We recommend selecting Never expires when generating your client secret to prevent unexpected loss of access for SSO users.


Why am I receiving an error message?

If Cloud or Azure AD is misconfigured, you may see one of the error messages listed below when you attempt to sign in.


We're sorry ... Unexpected error when authenticating with identity provider

When configuring your identity provider, you may have entered an incorrect client secret or client ID.

  1. Log into Cloud using your Cloud credentials.

  2. From the Cloud menu (), select Settings | Single Sign-On | Identity Provider.

  3. Select the Edit button().

  4. Enter the correct information for your identity provider in the Identity provider metadata endpoint, Client ID, and Client secret fields.


AADSTS70001: Application with identifier ... was not found in the directory ...

When configuring Azure AD, you may entered an incorrect identity provider.

  1. Log into Cloud using your Cloud credentials.

  2. From the Cloud menu (), select Settings | Single Sign-On | Identity Provider.

  3. Select the Edit button().

  4. Enter the correct information for your identity provider in the Identity provider metadata endpoint, Client ID, and Client secret fields.


AADSTS50011: The reply url specified in the request does not match the reply urls configured for the application ...

You may have entered an incorrect reply URL in Azure.

  1. From the left-hand navigation pane in Azure, select Azure Active Directory | App Registration.

  2. Select your app, then select Settings | Reply URLs.

  3. Select the Context menu button next to your reply URL, then select Delete.

  4. Add your reply URL again, then select Save.


No available Cloud access licenses. To obtain additional licenses, contact your administrator.

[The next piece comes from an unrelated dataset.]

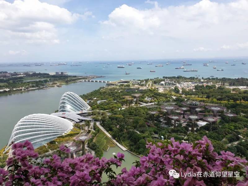 推开小阳台的门,可以站出来,看滨海湾的美景。正对着就是滨海湾花园Gardens by The Bay的两个花穹和巨树林。 这个景致对得起我多加的$47了
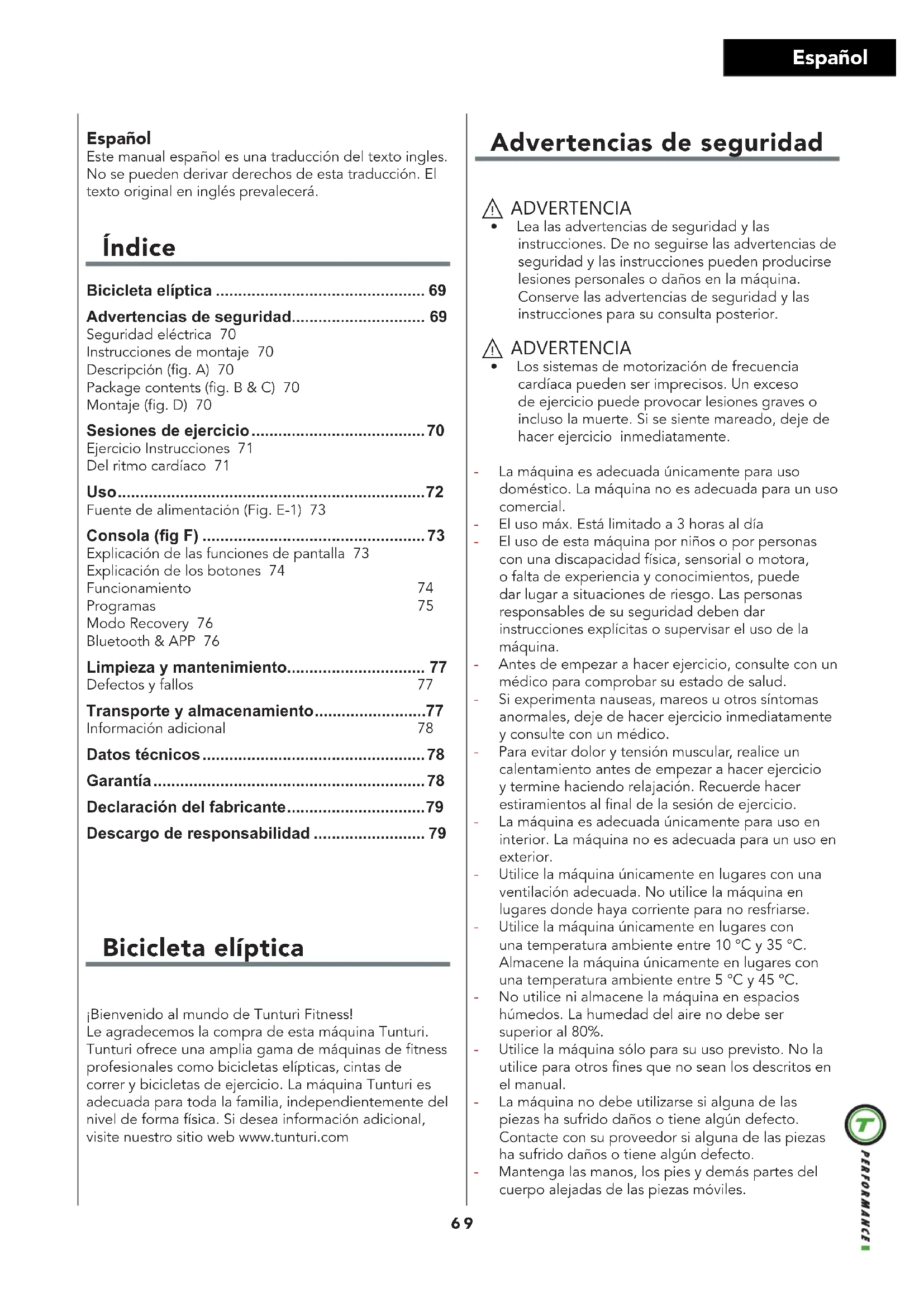 - Garanzia Garanzia dell’attrezzo sportivo Tunturi Condizioni di garanzia Il consumatore è tutelato da tutti i diritti previsti dalla legislazione nazionale e riguardanti l’acquisto di beni di consumo. Questi diritti fondamentali non sono limitati dalle condizioni di garanzia. La garanzia entra in vigore solo se l’attrezzo in questione prodotto dall’azienda Tunturi Ltd. viene utilizzato in linea con le condizioni ambientali d’uso specificate dal fabbricante. Le condizioni ambientali d’uso degli attrezzi son Condizioni per la garanzia La garanzia entra in vigore dalla data dell’acquisto dell’attrezzo. Le condizioni per la garanzia possono variare in funzione del paese. Rivolgersi al rivenditore di zona per maggiori informazioni sulle condizioni per la garanzia. Copertura della garanzia L’azienda Tunturi Ltd ed i suoi rappresentanti non rispondono per nessun motivo dei danni indiretti causati all’acquirente dall’attrezzo. Per danni indiretti s’intendono quelli relativi al mandato sfruttamento dell’attrezzo, mancato guadagno o altri danni di natura economica. Limiti di garanzia La garanzia copre i difetti di materiale e fabbrica dell’attrezzo che si manifestano subito dopo l’acquisto. La garanzia copre solo i difetti che si manifestano durante l’uso normale e conforme alle istruzioni del manuale di installazione, manutenzione ed uso fornito da Tunturi. L’azienda Tunturi Ltd ed i suoi rivenditori non rispondono dei danni causati da eventi al di fuori del loro controllo. La garanzia riguarda solo il proprietario originario dell’attrezzo ed è in vigore solo in quei paesi in cui Tunturi Ltd dispone di un proprio rappresentante autorizzato. La garanzia non copre i difetti di quegli attrezzi o componenti che sono stati modificati senza l’espressa autorizzazione del fabbricante Tunturi Ltd. La garanzia non copre i difetti causati dalla normale usura, da un uso in condizioni non previste, dalla corrosione, dalla movimentazione e dal trasporto. La garanzia non copre rumori o suoni emessi durante l’uso a meno che non impediscano l’uso dell’attrezzo e che non siano causati da un guasto all’attrezzo stesso. La garanzia non comprende nemmeno i normali interventi di servizio dell’attrezzo, come per esempio la pulizia, lubrificazione, controllo periodico dei componenti né le piccole installazioni che può effettuare il cliente stesso e che non richiedono lo smontaggio/montaggio dell’attrezzo. Questi interventi sono, per esempio, la sostituzione del pannello, dei pedali o di altri componenti analoghi. La garanzia non copre gli interventi di riparazione previsti, se non vengono eseguiti da un rappresentante autorizzato Tunturi. Se sbagliate a seguire le istruzioni del manuale d’uso, decade subito la garanzia sul prodotto. Dichiarazione del fabbricante Tunturi New Fitness BV dichiara che questo prodotto è conforme ai seguenti standard e direttive: EN 957 (HB), 89/336/CEE. Pertanto sul prodotto è apposto il marchio CE. 01-2017 Tunturi New Fitness BV Purmerweg 1 1311 XE Almere Paesi Bassi Clausola di esonero della responsabilità © 2017 Tunturi New Fitness BV Tutti i diritti riservati. Il prodotto e il manuale sono soggetti a modifiche. Le specifiche tecniche possono essere modificate senza preavviso.69 Español Español Este manual español es una traducción del texto ingles. No se pueden derivar derechos de esta traducción. El texto original en inglés prevalecerá. Índice Bicicleta elíptica ¡Bienvenido al mundo de Tunturi Fitness!Le agradecemos la compra de esta máquina Tunturi. Tunturi ofrece una amplia gama de máquinas de fitness profesionales como bicicletas elípticas, cintas de correr y bicicletas de ejercicio. La máquina Tunturi es adecuada para toda la familia, independientemente del nivel de forma física. Si desea información adicional, visite nuestro sitio web www.tunturi.com Bicicleta elíptica p. 69

The number of users in your Active Directory domain exceeds the number of available Cloud licenses. When the number of users in your Active Directory domain exceeds the number of available licenses, some staff will be unable to sign in. To permit all staff members to sign in, purchase a license from MyCaseWare for each staff member or contact your local distributor.


Account already exists. User with email ... already exists. How do you want to continue?

This error occurs after a user is removed from Azure and another user is added using the same email address.

To work around this issue, delete the Cloud account associated with the email address displayed in the error message and have the user sign in again using SSO.

This process will not be required in future releases.


The received token is missing the following claims: email required for system access. Please contact your administrator.

The CaseWare Cloud SSO integration is designed to recognize ‘username’ and ‘email’ claims as distinct claims. Our integration requires the ‘email’ claim to work properly. The ‘email’ claim is only provided by guest users and managed users integrated through Office365. If your firm’s users are set up through Office365, please ensure to follow Azure’s instructions to manage the ‘email’ claim through the Office admin portal.


How can I disable SSO for my firm?

If you want to disable SSO for your firm, contact your local distributor.

After SSO is disabled, users can log in using their previous Cloud credentials. Users whose passwords have expired or who have only used SSO to log in to Cloud can use the Forgot your password? link to create a password for their account. If necessary, your firm administrator can also reset passwords for users.